Exercise goal:
Lines from the one containing "Frutas da estação" through the end of the listing are what is wanted, given again exactly with both ends included and pictures left out.

Recorded information:
++++++++

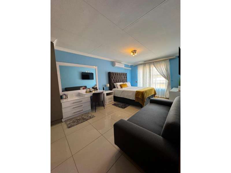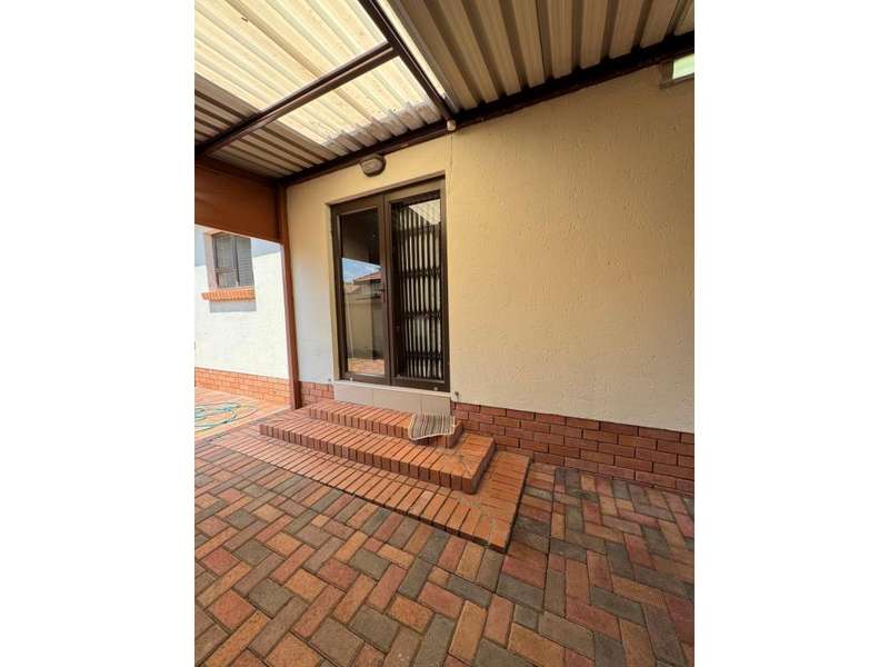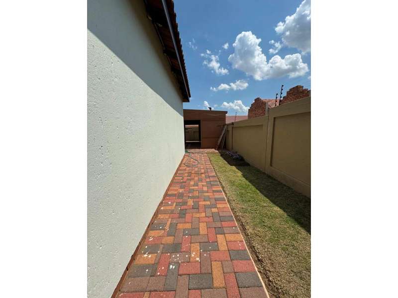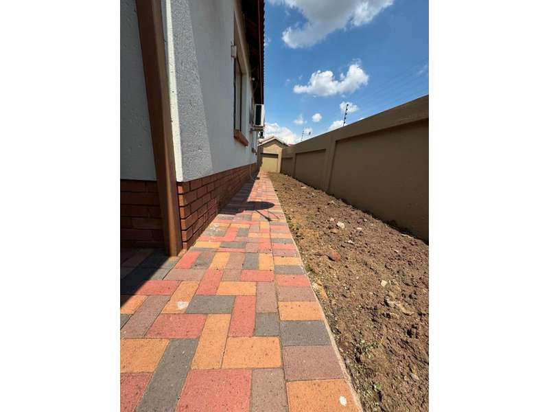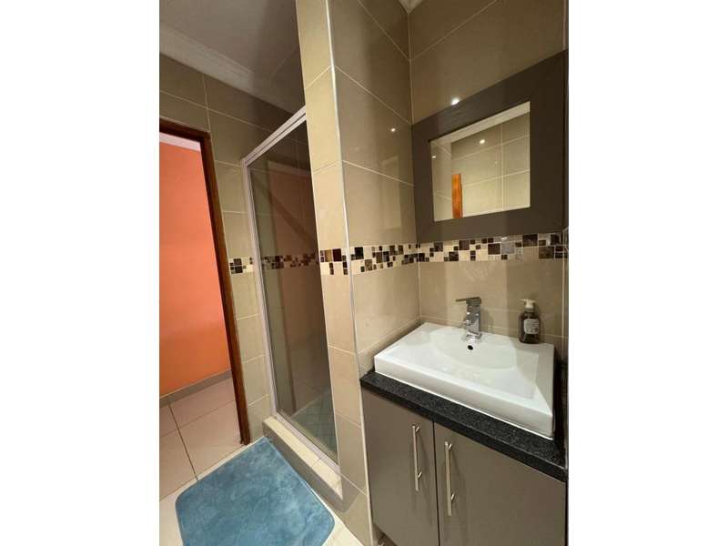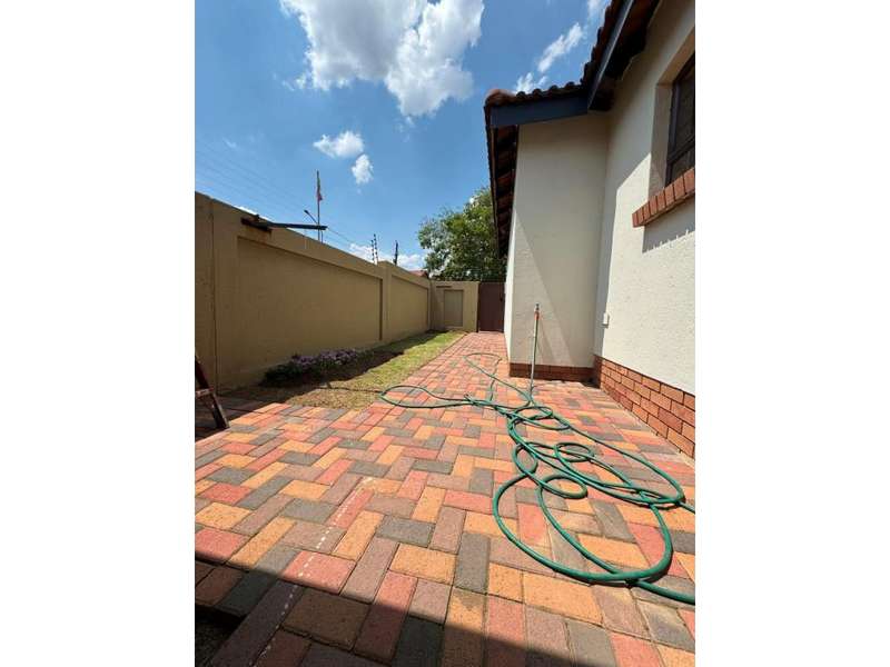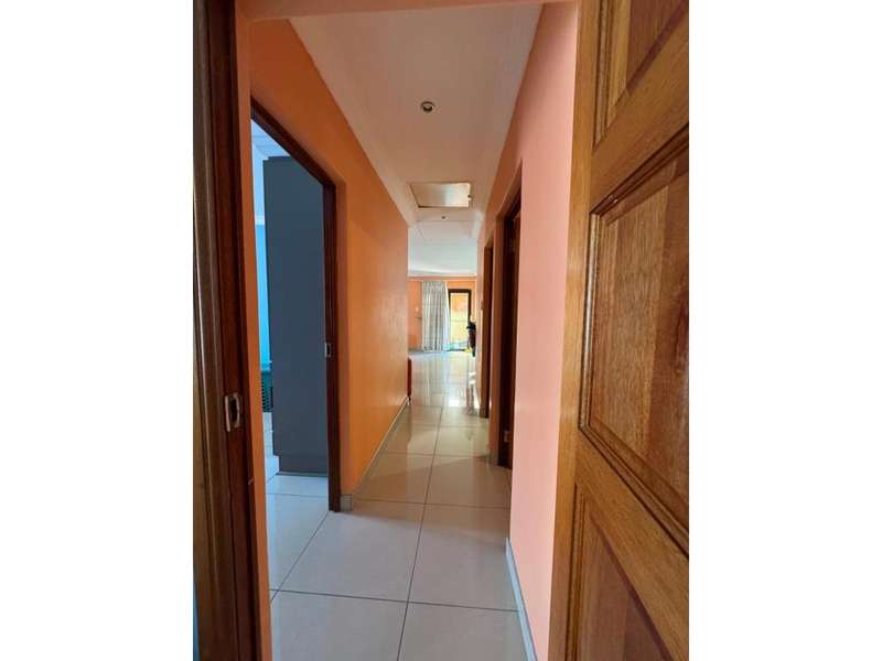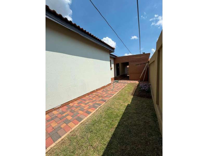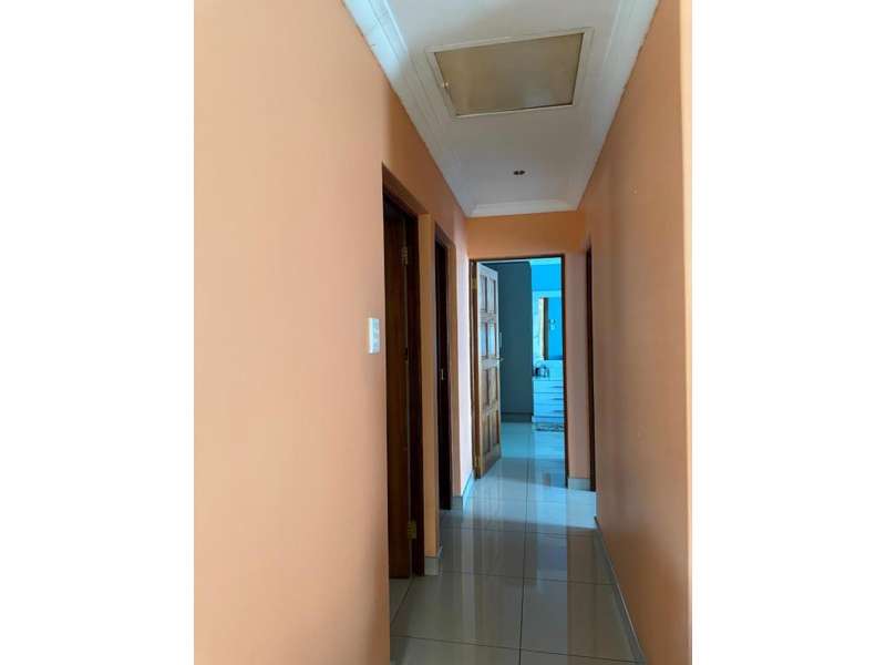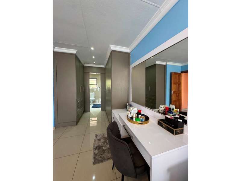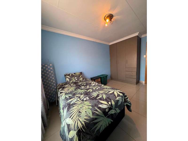 Modern Family Home with Exceptional Features Welcome to this stunning 3-bedroom, 2-bathroom family home, complete with a spacious 4-car garage, offering the perfect blend of comfort, convenience, and style. Interior Features: The heart of the home is a modern, open-plan kitchen and lounge area. The kitchen boasts sleek finishes, an electric stove, and ample counter space. A long passage from the living area leads to: A family bathroom featuring a shower, toilet, and basin. Three generously sized bedrooms, all fitted with built-in cupboards. A luxurious ensuite master bedroom with ample storage space. The ensuite bathroom is equipped with his-and-her basins, a bathtub, and a toilet. Outdoor Features: Step out from the lounge to a covered, built-in braai area, perfect for entertaining guests. A well-maintained garden offers a peaceful retreat for relaxation and play. Additional Amenities: Stay comfortable year-round with air conditioning. The property is equipped with a JoJo tank, ensuring water security, and a 7.5 kVA solar inverter system for energy efficiency. For added safety, the home is surrounded by an electric fence. This property is perfect for families seeking a modern lifestyle in a secure and serene environment. Don?ÇÖt miss the opportunity to make this your forever home!
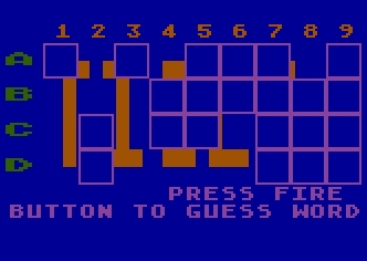Encontramos las palabras ocultas en el modo Guessword de Matchboxes, el entrañable puzzle de memoria de Brøderbund Software (1983).
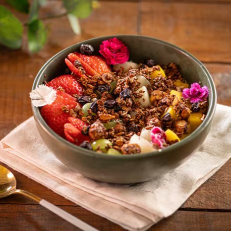 Frutas da estação com granola doce da casa. Consulte as opções de frutas disponíveis.
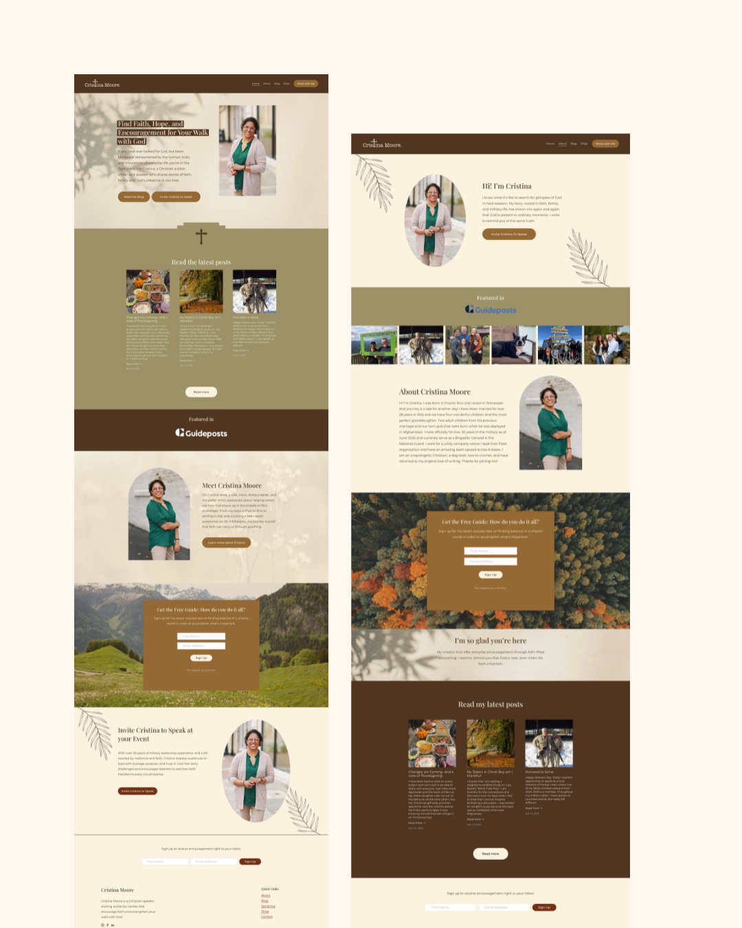 Cristina walked away with more than a website. She walked away with a platform. One that positions her as the credible, established speaker she already is. One that tells the story of her writing journey in a way that earns trust from publishers before she ever sends a query letter. One that gives her readers a warm, inviting home to return to and a reason to stay connected. One that represents her with the kind of polish that communicates, quietly and confidently, that she is ready for what is next. For Cristina, this wasn't just a design project. It was an act of stewardship over the calling God placed on her life. She is a woman with a message worth carrying far, and now she has a platform built to carry it. I don't take lightly what it means to build something like that for someone. Every website I design is someone's dream made digital. And getting to be part of Cristina's story, helping her take up the space she was always meant to occupy, is exactly why I do this work.

++++++++

Exercise result:
 Frutas da estação com granola doce da casa. Consulte as opções de frutas disponíveis.
 Cristina walked away with more than a website. She walked away with a platform. One that positions her as the credible, established speaker she already is. One that tells the story of her writing journey in a way that earns trust from publishers before she ever sends a query letter. One that gives her readers a warm, inviting home to return to and a reason to stay connected. One that represents her with the kind of polish that communicates, quietly and confidently, that she is ready for what is next. For Cristina, this wasn't just a design project. It was an act of stewardship over the calling God placed on her life. She is a woman with a message worth carrying far, and now she has a platform built to carry it. I don't take lightly what it means to build something like that for someone. Every website I design is someone's dream made digital. And getting to be part of Cristina's story, helping her take up the space she was always meant to occupy, is exactly why I do this work.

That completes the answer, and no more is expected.